Wednesday, January 24, 2018

Soil Cultivation

“Listen! Behold, a sower went out to sow. And it happened, as he sowed, that some seed fell by the wayside; and the birds of the air came and devoured it. Some fell on stony ground, where it did not have much earth; and immediately it sprang up because it had no depth of earth. But when the sun was up it was scorched, and because it had no root it withered away. And some seed fell among thorns; and the thorns grew up and choked it, and it yielded no crop. But other seed fell on good ground and yielded a crop that sprang up, increased and produced: some thirtyfold, some sixty, and some a hundred.” And He said to them, “He who has ears to hear, let him hear!” (Mark 4:3-9)

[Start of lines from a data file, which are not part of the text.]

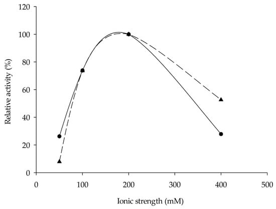 proROL was characterized in biochemical terms to examine the influence of ionic strength, temperature, and pH on enzyme activity, as well as to compare the results with those previously reported for rROL [40]. As shown by reported evidence, ionic strength has a marked effect on enzyme activity. In this work, its influence was examined by using 50–400 mM concentrations of Tris-HCl buffer at pH 7.25. As expected, lipolytic activity (Figure 3) was strongly influenced by ionic strength because the activity dropped dramatically at 400 mM and 50 mM. Both enzymes behaved similarly in this respect, suggesting that the presence of the prosequence had no appreciable effect on this parameter.
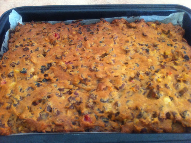 3. Grease pan (I use my big roasting pan as there is a lot of mixture) and line with baking paper. Pour mixture into pan and cook for 1 hour or more until cooked.
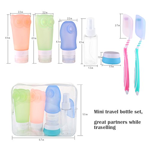 - Owl Silicone Travel Bottles Set:2.8 oz (83ml) owl squeeze tubes x 2, 2oz(60ml)squeeze tubes,2/3oz(20ml)cream jar,5/3oz(50ml)spray bottle,toothbrush cover x 2. Perfect for Soap, Shampoo, Lotion, Face Wash and Other Liquid Toiletries
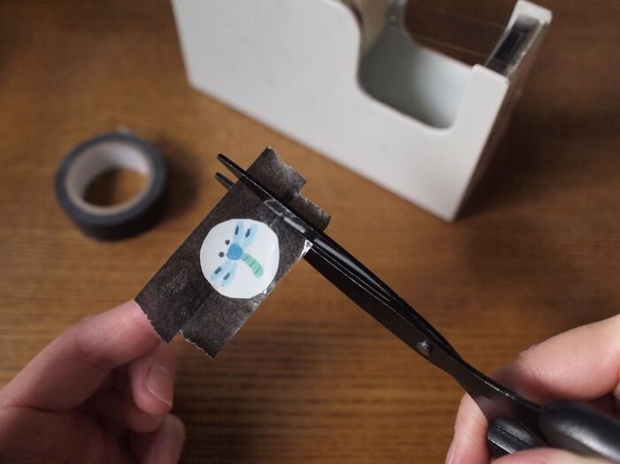 ②下駄箱の棚に合わせた黒のマスキングテープの上にセロテープでマークを貼り付ける
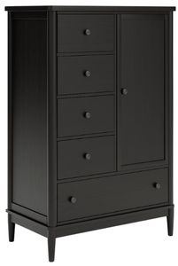 Farmhouse and contemporary design, balanced beautifully. The Portdown door chest merges a clean-lined silhouette and round posts for an updated sensibility. Simple inset drawer fronts and a mix of storage possibilities stack up to on-trend form and function. A modern French black finish with deep warm brown undertones perfectly punctuates this casually inviting piece.Read More
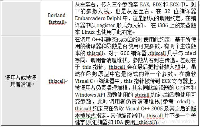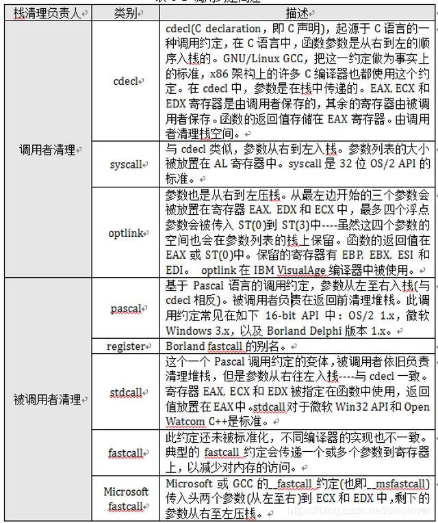 在高级语言中,这两个问题是通过调用约定来解决的,调用约定就是调用方和被调用方就以上问题达成一致解决方案的约定,双方按照这种约定合作就不会发生问题。我们按照由谁来清理栈空间分类,目前的调用约定见表1
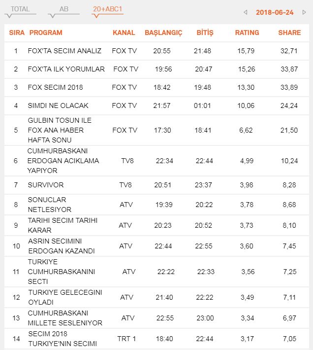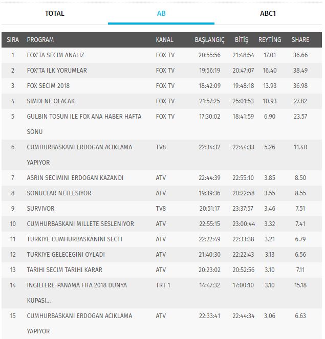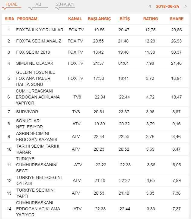 Seçim Sonuçlarını an ve an ekranlara getiren Fox Tv, Atv, Star ve diğer kanallardan hangisi daha çok izlendi. Reyting Sonuçlarında hangi kanal zirveye oturdu. Sonuçlar açıklandığında haberimize eklenecektir. Reyting sonuçlarına damga vuran kanal Fox Tv oldu. Fox her üç kategoride de ilk 3 sırayı kimselere kaptırmadı.
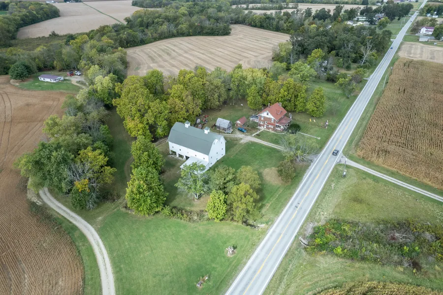 This lovely 1915 brick home with large barn and outbuildings sets on 19.2 acres. The home while flawed is intact in its original glory with beautiful woodwork, pocket doors, leaded and stained glass. Striking beamed ceilings can be found in the formal dining room and built-in window seats flank the the fireplace in the setting room. Full walk-up attic and full basement. The massive barn projects an iconic chemistry to the property and is stlll fully serviceable. Acreage consists of 19.2 acres with large shade trees and outlying approximately 12 acres is tillable (no current lease in place for tillable acreage) This is truly a rare find with endless potential. Property was appraised in May 2023 with a value of $400,000.00. Property is being sold as is.
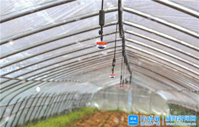 ?????6月4日12時許,在文登區宋村鎮菜園子村北山的大棚里,村黨支部書記、村委會主任劉曉明和市農業農村事務服務中心駐村第一書記肖兆捍打開噴灌系統,給大棚里的地瓜澆水。水靈靈、綠油油的地瓜苗,看著就讓人舒心,就像菜園子村如今的生活,蒸蒸日上。
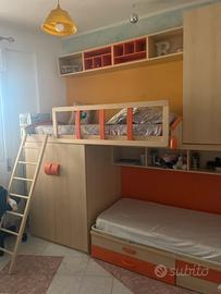 Vendesi cameretta salvaspazio a soppalco con due letti e 5 ante, librerie, cassettiera e scaletta, colore acero e arancione. Misura in lughezza 3,50 metri. No perditempo. Smontaggio, montaggio e trasporto a carico dell’acquirente. Richiesti 400 euro trattabili, la cameretta è im buono stato.
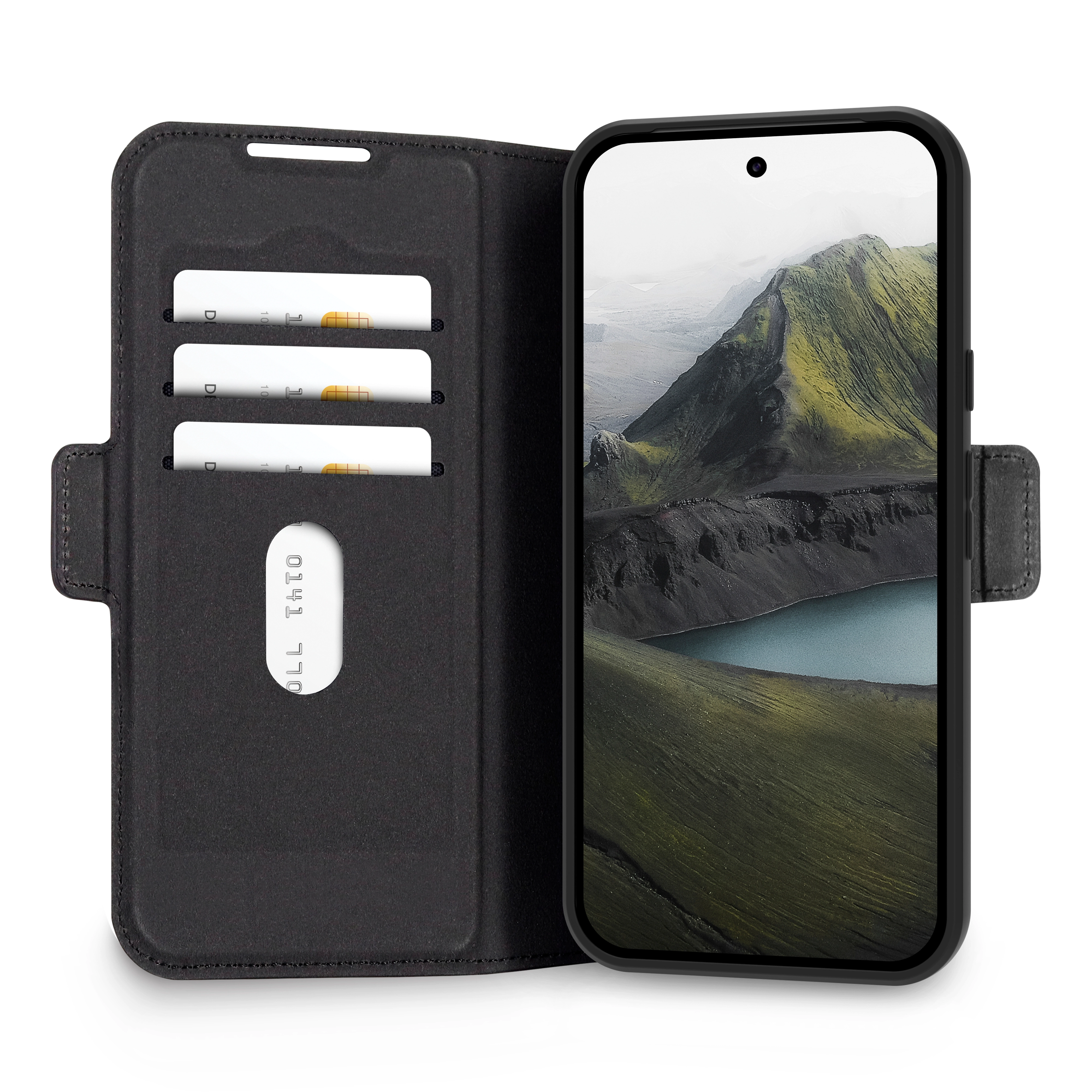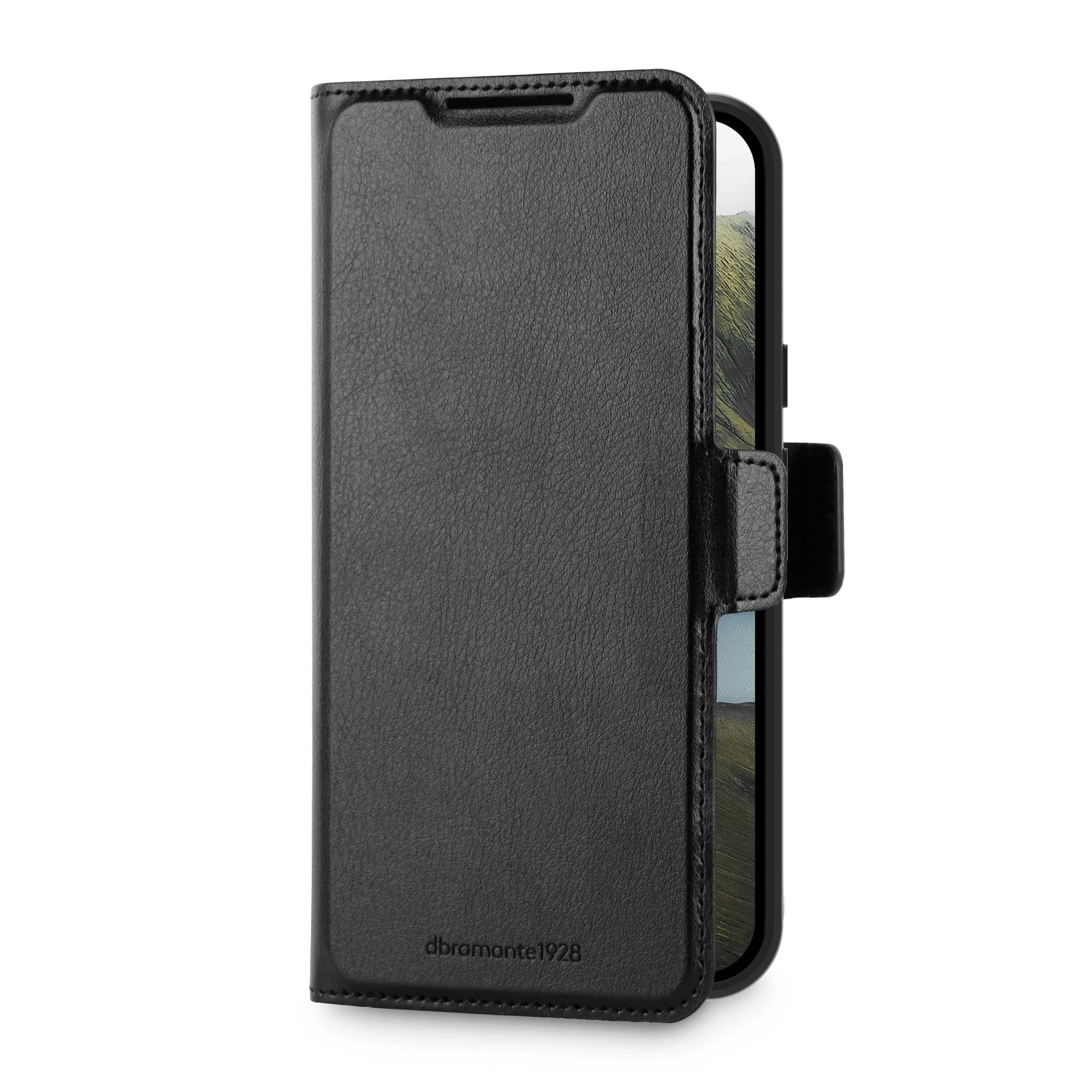 Oslo Pro is an impact protective folio wallet case made from recycled plastic with a finish meant to look and feel like leather. With its foldable back, you can enjoy hands-free horizontal video watching.
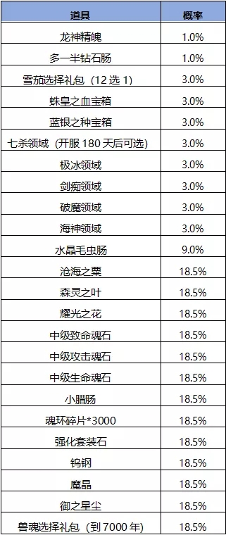 ◆活动期间,开放天狐、饕餮神牛、箫鼎、双生蛛皇、奇茸通天菊、蛇皇、泰坦、猫鹰、鬼魅、六翼天使、九心海棠、七杀剑、骨龙、蓝电霸王龙、玄龟、香肠、灵猫、三炮、昊天锤等武魂的限定魂环置换;
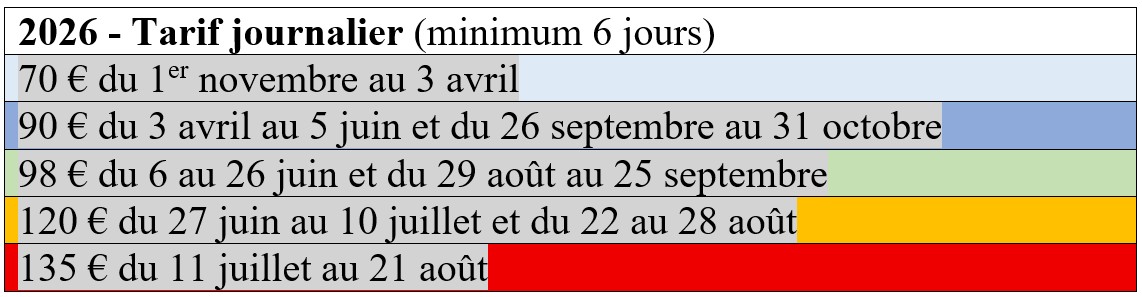 du 15 octobre au 31 décembre 2025 : 70 € la nuitée / 490 € la semaine
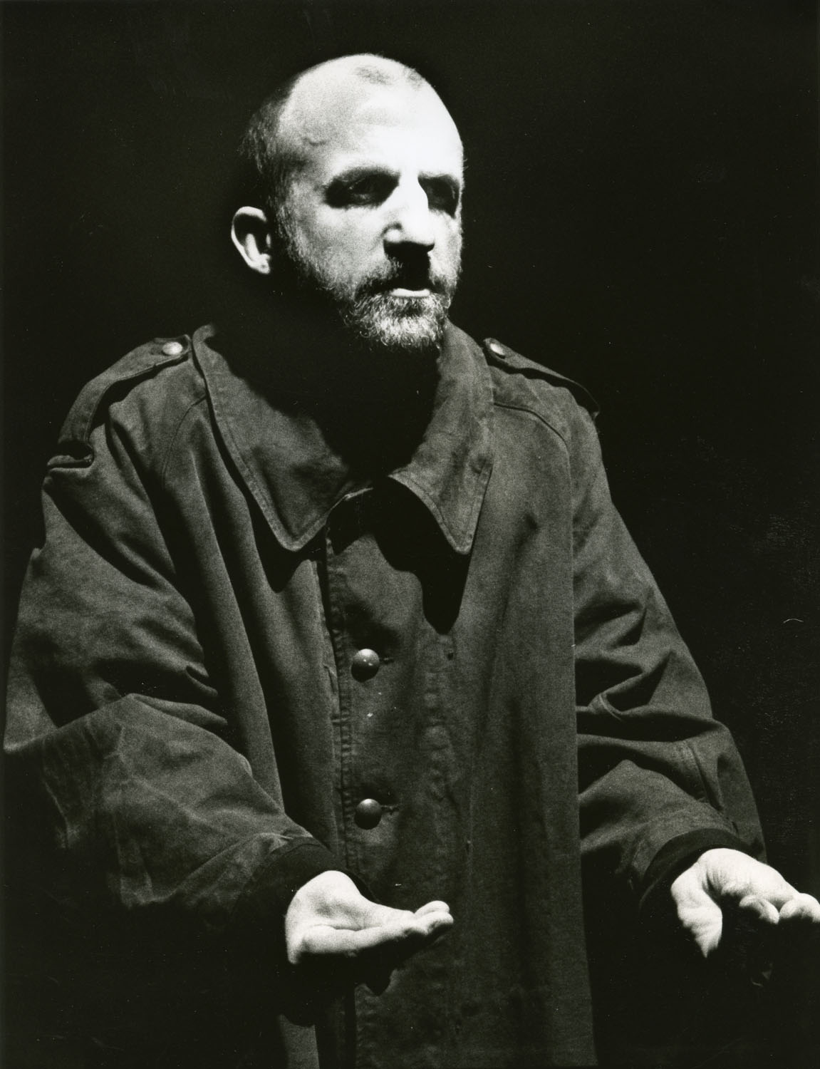 Black-and-white close-up photograph of Charles Kelly in The Man With Two Kisses by Pan Pan Theatre Company
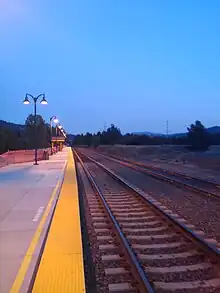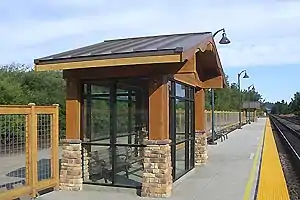 The station was designed by HNTB and split into two project phases, to be built on a former BNSF staging area. The first phase would construct a platform, two shelters, and a parking lot. The second phase would include a larger, Bavarian-style shelter, additional parking stalls, and a longer platform.[6] In May 2008, the first phase's estimated cost was revised to $850,000, with the shortfall planned to covered by private donations in a funding campaign launched by the city mayor.[39] The planned opening date of November 2008 was also delayed to September 2009.[40] By the end of the year, the city government had raised an additional $175,000 to cover the construction of the first phase.[2][41]
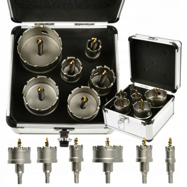 Zestaw 6 szt. otwornic TCT do metalu w rozmiarach 22-65mm. Ostrza wykonane z węglików spiekanych, które charakteryzują się znacznie większą twardością oraz odpornością na wysokie temperatury w porównaniu do stali szybkotnącej HSS. Przeznaczone do wykonywania większej średnicy otworów w stali, żeliwie, metalach kolorowych, drewnie, tworzywach sztucznych itp. Dla zwiększenia precyzji cięcia zastosowano wiertło prowadzące ze stali HSS. Sprężyna zamocowana na wiertle prowadzącym, pozwala w łatwy sposób usunąć urobek.
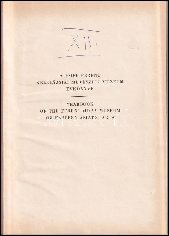 A Hopp Ferenc Keletázsiai Művészeti Múzeum évkönyve. / Yearbook of the Ferenc Hopp Museum of Eastern Asiatic Arts. Bp., é.n. (1970), NPI-ny. Fekete-fehér képekkel illusztrálva. Magyar, angol és francia nyelven. Átkötött félvászon-kötésben. Megjelent 1100 példányban.
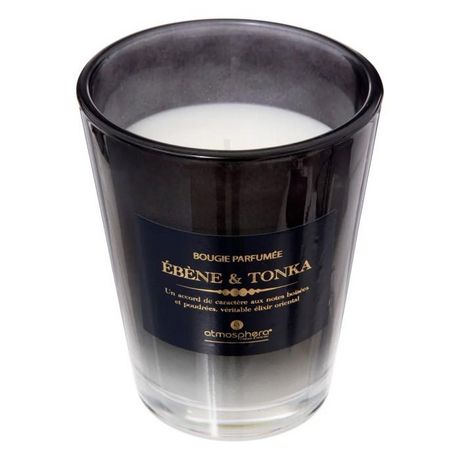 Informations Techniques : Dimensions : D. 10,15 x H. 12,4 cm Matières : Verre & Paraffine Spécificités : Déco & Utile Bougie parfumée Contenant en verre teinté Senteurs : Ébène & Tonka Contenance : 270 g Durée de diffusion : +/- 38 heures Poids : 0,72 kg Couleur : Noir
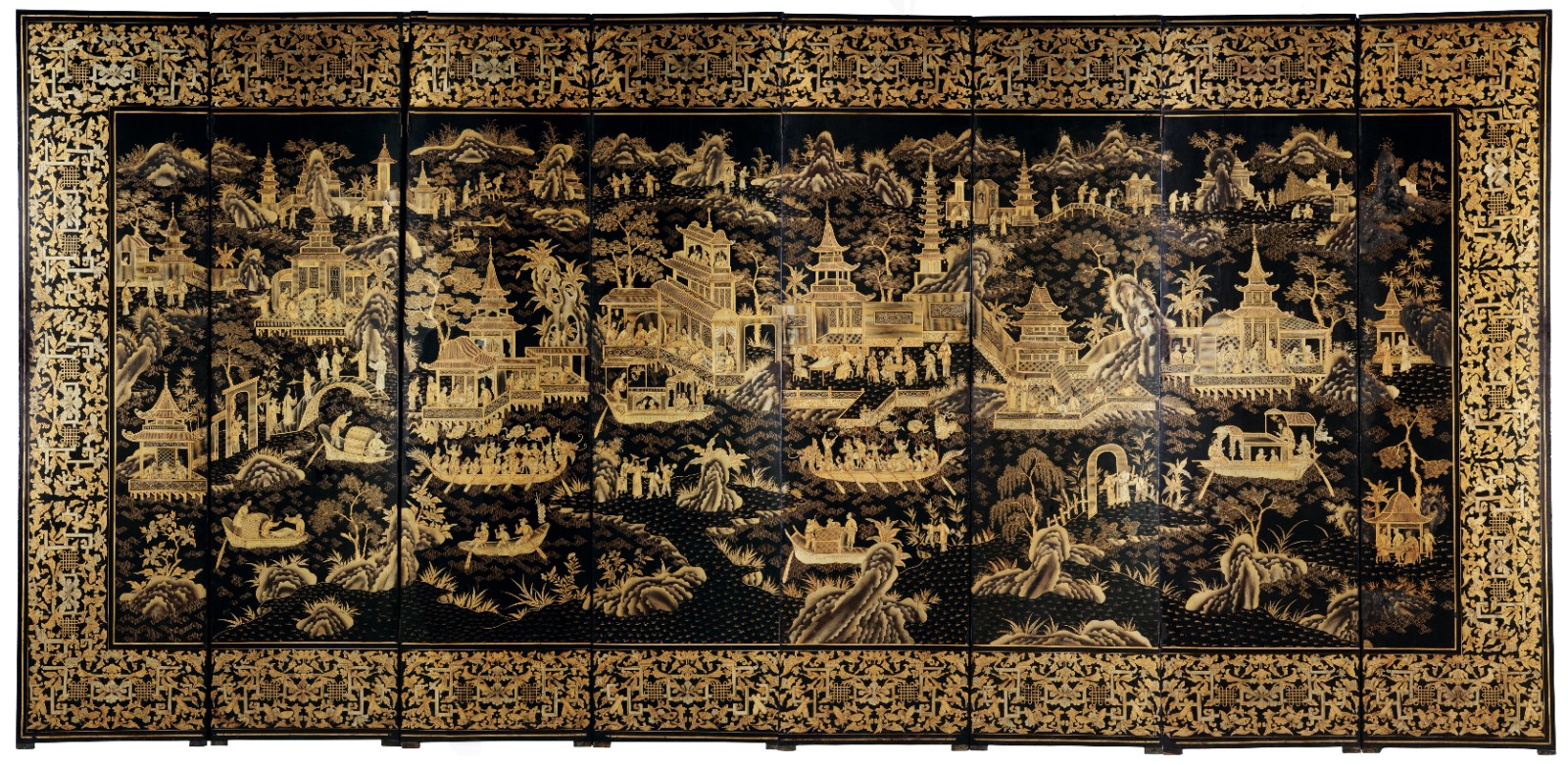 名称:十九世纪早期木胎黑漆描金龙舟竞渡图八围屏
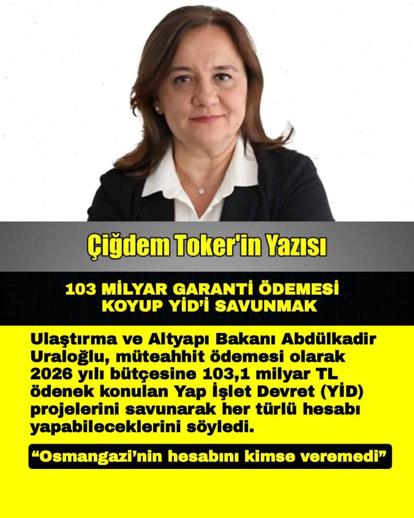 Ulaştırma ve Altyapı Bakanı Abdülkadir Uraloğlu, müteahhit ödemesi olarak 2026 yılı bütçesine 103,1 milyar TL ödenek konulan Yap İşlet Devret (YİD) projelerini savunarak her türlü hesabı yapabileceklerini söyledi.
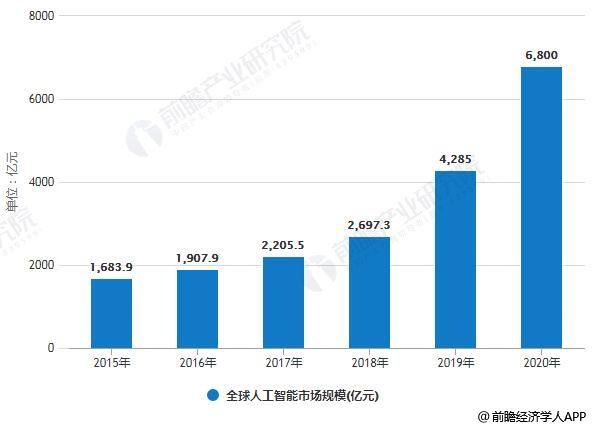 2015-2020年全球人工智能市场规模统计及增长情况预测

I enjoy good teaching that leaves me thinking more on the material just reviewed. This past Sunday, our pastor taught on the Parable of Sower/Soils (depending on which title you prefer) from Mark 4:1-20, making the following useful analogy between the soils and men's hearts:
  • Hard soil = hard heart
  • Rocky soil = shallow heart
  • Thorny soil = cluttered heart
  • Good soil = open heart
He then followed up with a series of questions, but the first got my attention: How’s your heart? This got me to thinking: following the theme of the parable, can the soil be made more useful, and whose job is it to improve it?

Logically, it is not as though soil would ever receive only one planting. Farmers, as long as they are working a field, do what they can to improve their soil to gain a better harvest. We recognize, therefore, that since God is the Sower, He is the cultivator of the soil as Clement of Alexandria notes:
Finally there is only one cultivator of the soil of the human soul. It is the One who from the beginning, from the foundations of the world, has been sowing living seeds by which all things grow. In each age the Word has come down upon all like rain. But the times and places which received these gifts account for the differences which exist. (Stromateis 1.7)
It is He who alone has the ability to improve the soil. As the land is worked, there would be opportunity to remove thorns and rocks, and break up ground that had formerly been tamped down through constant wear. Over and again He sows the Word in order that previously poor ground might provide a yield, even as John Chrysostom writes:
For it is the way of the Lord never to stop sowing the seed, even when He knows beforehand that some of it will not respond. But how can it be reasonable, one asks, to sow among the thorns, or on the rock, or alongside the road? Maybe it is not reasonable insofar as it pertains only to seeds and earth, for the bare rock is not likely to turn into tillable soil, and the roadside will remain roadside and the thorns, thorns. But in the case of free wills and their reasonable instruction, this kind of sowing is praiseworthy. For the rocky soul can in time turn into rich soil. Among souls, the wayside may come no longer to be trampled by all that pass, and may become a fertile field. The thorns may be destroyed and the seed enjoy full growth. For had this not been impossible, this Sower would not have sown. And even if no change whatever occurs in the soul, this is no fault of the Sower, but of those who are unwilling to be changed. He has done his part. (Homilies on Matthew 44.5.1)
All this work does not happen immediately. The Holy Spirit is a chief worker in our souls as He broods or hovers over us in preparation of life. He cultivates us so that the seed, the Word of God, which is quick and powerful may cause growth. In addition, it is not as we are unwilling recipients. As opposed to inanimate ground, we respond to the working of the Word and Holy Spirit. True, it may be that the hard, rocky, or thorny heart might be more so in turning away from Sower, however, Augustine had better considerations as he exhorted:
Work diligently the soil while you may. Break up your fallow with the plow. Cast away the stones from your field, and dig out the thorns. Be unwilling to have a “hard heart,” such as makes the Word of God of no effect. Be unwilling to have a “thin layer of soil,” in which the root of divine love can find no depth in which to enter. Be unwilling to “choke the good seed” by the cares and the lusts of this life, when it is being scattered for your good. When God is the sower and we are the ground, we are called to work to be good ground. (Sermons on New Testament Lessons 73.3)
A final question the pastor had was, “How’s your heart?” Or to amend it for my purposes, “Have you taken a soil sample recently?” Let us not be like those who fall away, but instead let us receive the seed for our benefit both now and at the Last Day.
For the earth which drinks in the rain that often comes upon it, and bears herbs useful for those by whom it is cultivated, receives blessing from God; but if it bears thorns and briers, it is rejected and near to being cursed, whose end is to be burned. (Heb 6:7–8)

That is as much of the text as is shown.